### Task brief
Reproduce the data below in full and to the letter, images excepted.

### Supplied data
#####

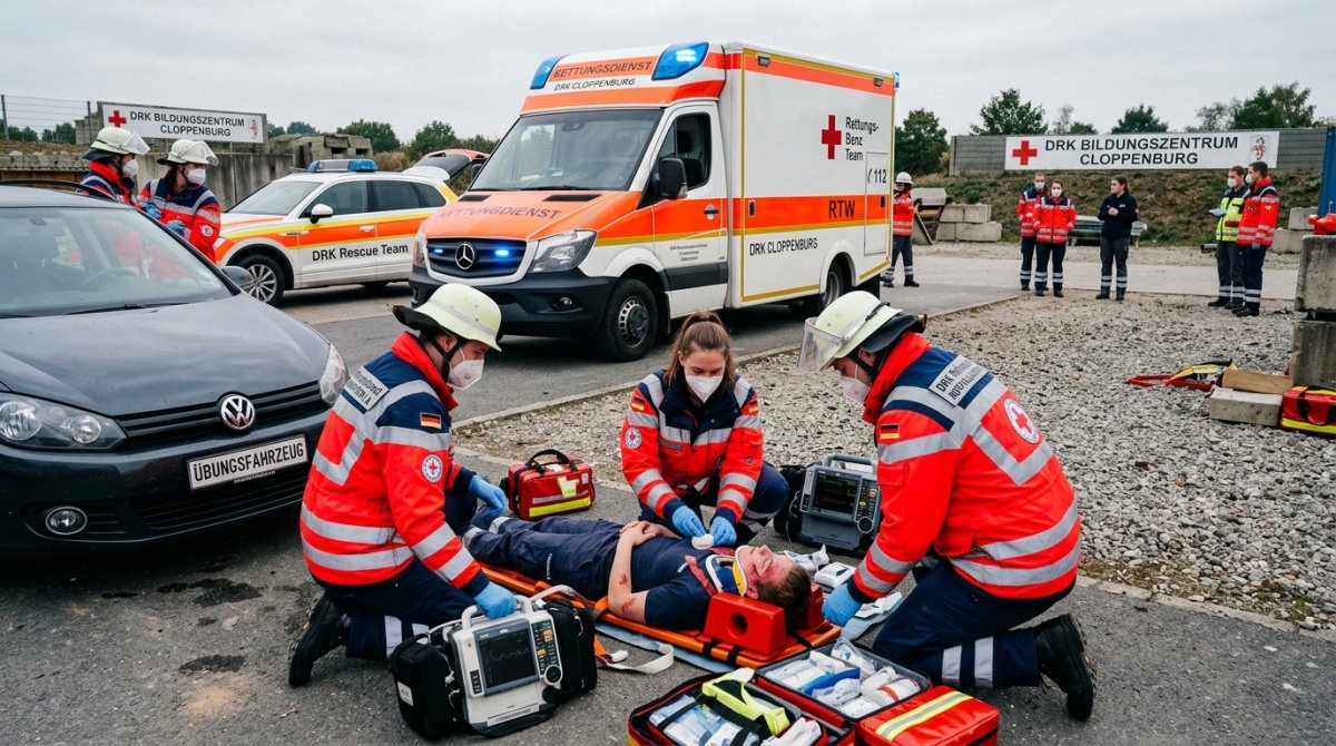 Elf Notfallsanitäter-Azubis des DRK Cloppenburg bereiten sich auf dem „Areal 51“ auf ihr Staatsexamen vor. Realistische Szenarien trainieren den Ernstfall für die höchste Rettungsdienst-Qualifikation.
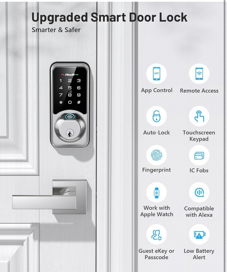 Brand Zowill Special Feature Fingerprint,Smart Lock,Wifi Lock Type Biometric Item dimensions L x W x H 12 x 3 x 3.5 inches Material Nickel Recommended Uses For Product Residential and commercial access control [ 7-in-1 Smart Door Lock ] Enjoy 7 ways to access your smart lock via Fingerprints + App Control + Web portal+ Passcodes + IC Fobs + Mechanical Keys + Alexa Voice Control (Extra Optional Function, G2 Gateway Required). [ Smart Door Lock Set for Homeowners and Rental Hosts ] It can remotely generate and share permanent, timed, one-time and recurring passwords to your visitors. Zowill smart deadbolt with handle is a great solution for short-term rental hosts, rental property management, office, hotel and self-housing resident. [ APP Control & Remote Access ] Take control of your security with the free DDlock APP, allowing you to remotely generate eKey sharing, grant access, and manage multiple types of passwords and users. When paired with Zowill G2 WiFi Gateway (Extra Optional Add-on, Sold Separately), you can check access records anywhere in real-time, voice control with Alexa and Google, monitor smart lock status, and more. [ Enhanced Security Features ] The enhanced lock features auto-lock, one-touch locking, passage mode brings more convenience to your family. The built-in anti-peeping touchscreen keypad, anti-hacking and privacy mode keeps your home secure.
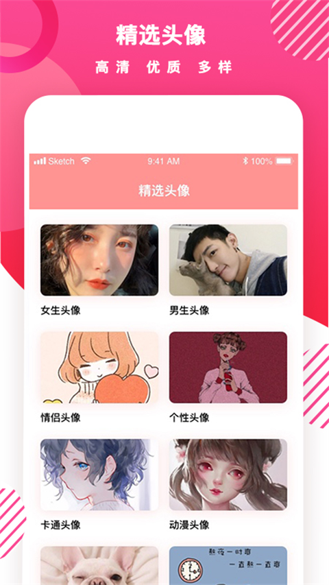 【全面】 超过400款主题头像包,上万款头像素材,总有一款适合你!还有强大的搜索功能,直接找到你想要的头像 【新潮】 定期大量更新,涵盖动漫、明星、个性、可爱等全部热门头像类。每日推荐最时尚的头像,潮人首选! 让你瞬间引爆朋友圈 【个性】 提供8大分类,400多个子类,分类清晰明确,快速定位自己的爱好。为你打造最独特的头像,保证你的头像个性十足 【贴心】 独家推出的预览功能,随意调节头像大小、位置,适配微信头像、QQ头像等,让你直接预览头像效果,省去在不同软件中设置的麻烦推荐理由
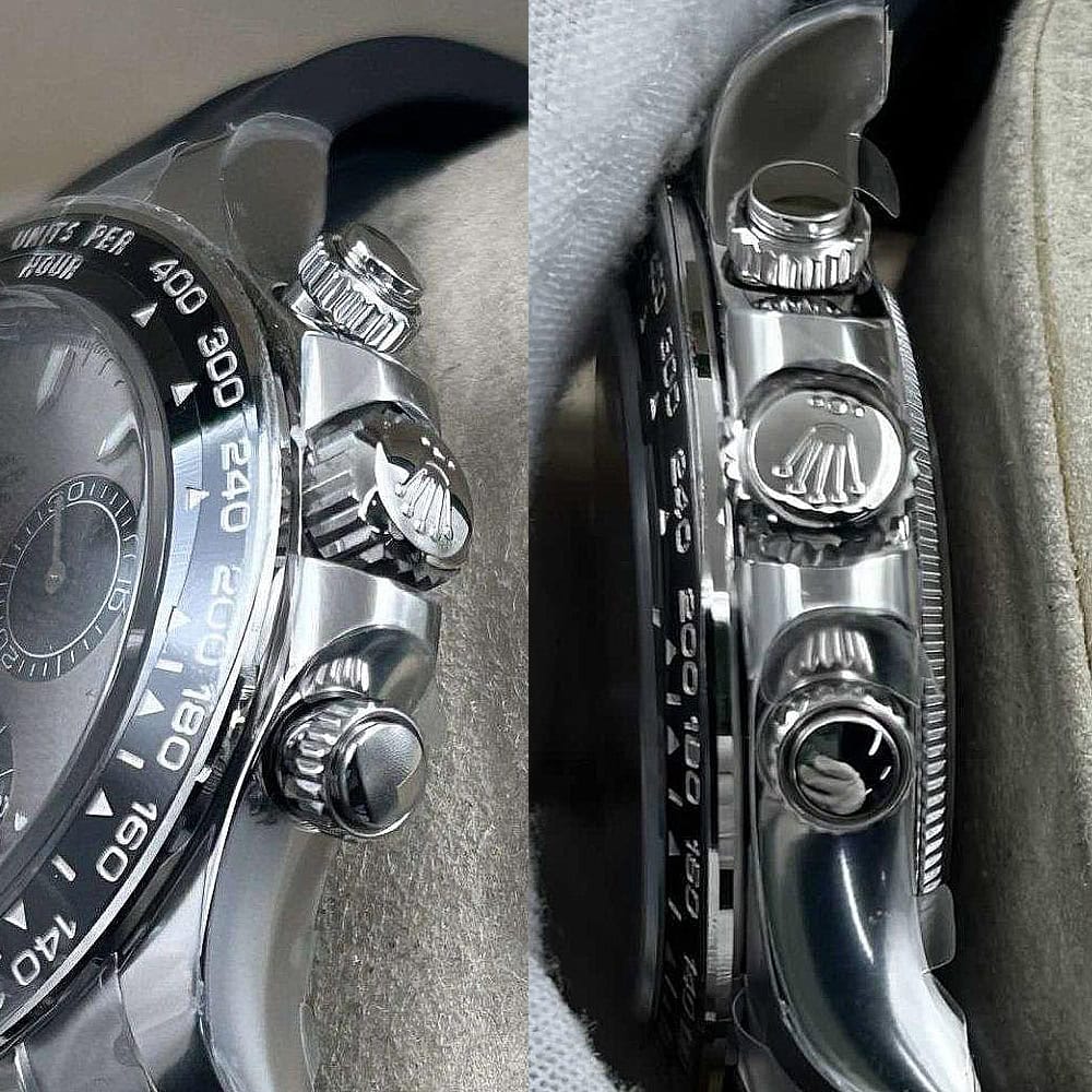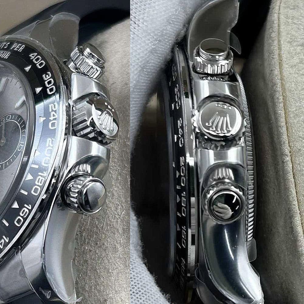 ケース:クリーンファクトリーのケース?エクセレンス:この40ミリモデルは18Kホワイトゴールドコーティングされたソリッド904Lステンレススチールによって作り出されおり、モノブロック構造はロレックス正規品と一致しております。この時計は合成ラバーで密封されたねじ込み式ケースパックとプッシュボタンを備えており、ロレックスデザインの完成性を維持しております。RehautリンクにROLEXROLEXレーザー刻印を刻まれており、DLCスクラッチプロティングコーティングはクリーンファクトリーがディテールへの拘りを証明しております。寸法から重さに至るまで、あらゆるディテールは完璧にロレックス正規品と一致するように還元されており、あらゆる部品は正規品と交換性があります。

#####

### Output below
 Elf Notfallsanitäter-Azubis des DRK Cloppenburg bereiten sich auf dem „Areal 51“ auf ihr Staatsexamen vor. Realistische Szenarien trainieren den Ernstfall für die höchste Rettungsdienst-Qualifikation.
 Brand Zowill Special Feature Fingerprint,Smart Lock,Wifi Lock Type Biometric Item dimensions L x W x H 12 x 3 x 3.5 inches Material Nickel Recommended Uses For Product Residential and commercial access control [ 7-in-1 Smart Door Lock ] Enjoy 7 ways to access your smart lock via Fingerprints + App Control + Web portal+ Passcodes + IC Fobs + Mechanical Keys + Alexa Voice Control (Extra Optional Function, G2 Gateway Required). [ Smart Door Lock Set for Homeowners and Rental Hosts ] It can remotely generate and share permanent, timed, one-time and recurring passwords to your visitors. Zowill smart deadbolt with handle is a great solution for short-term rental hosts, rental property management, office, hotel and self-housing resident. [ APP Control & Remote Access ] Take control of your security with the free DDlock APP, allowing you to remotely generate eKey sharing, grant access, and manage multiple types of passwords and users. When paired with Zowill G2 WiFi Gateway (Extra Optional Add-on, Sold Separately), you can check access records anywhere in real-time, voice control with Alexa and Google, monitor smart lock status, and more. [ Enhanced Security Features ] The enhanced lock features auto-lock, one-touch locking, passage mode brings more convenience to your family. The built-in anti-peeping touchscreen keypad, anti-hacking and privacy mode keeps your home secure.
 【全面】 超过400款主题头像包,上万款头像素材,总有一款适合你!还有强大的搜索功能,直接找到你想要的头像 【新潮】 定期大量更新,涵盖动漫、明星、个性、可爱等全部热门头像类。每日推荐最时尚的头像,潮人首选! 让你瞬间引爆朋友圈 【个性】 提供8大分类,400多个子类,分类清晰明确,快速定位自己的爱好。为你打造最独特的头像,保证你的头像个性十足 【贴心】 独家推出的预览功能,随意调节头像大小、位置,适配微信头像、QQ头像等,让你直接预览头像效果,省去在不同软件中设置的麻烦推荐理由
 ケース:クリーンファクトリーのケース?エクセレンス:この40ミリモデルは18Kホワイトゴールドコーティングされたソリッド904Lステンレススチールによって作り出されおり、モノブロック構造はロレックス正規品と一致しております。この時計は合成ラバーで密封されたねじ込み式ケースパックとプッシュボタンを備えており、ロレックスデザインの完成性を維持しております。RehautリンクにROLEXROLEXレーザー刻印を刻まれており、DLCスクラッチプロティングコーティングはクリーンファクトリーがディテールへの拘りを証明しております。寸法から重さに至るまで、あらゆるディテールは完璧にロレックス正規品と一致するように還元されており、あらゆる部品は正規品と交換性があります。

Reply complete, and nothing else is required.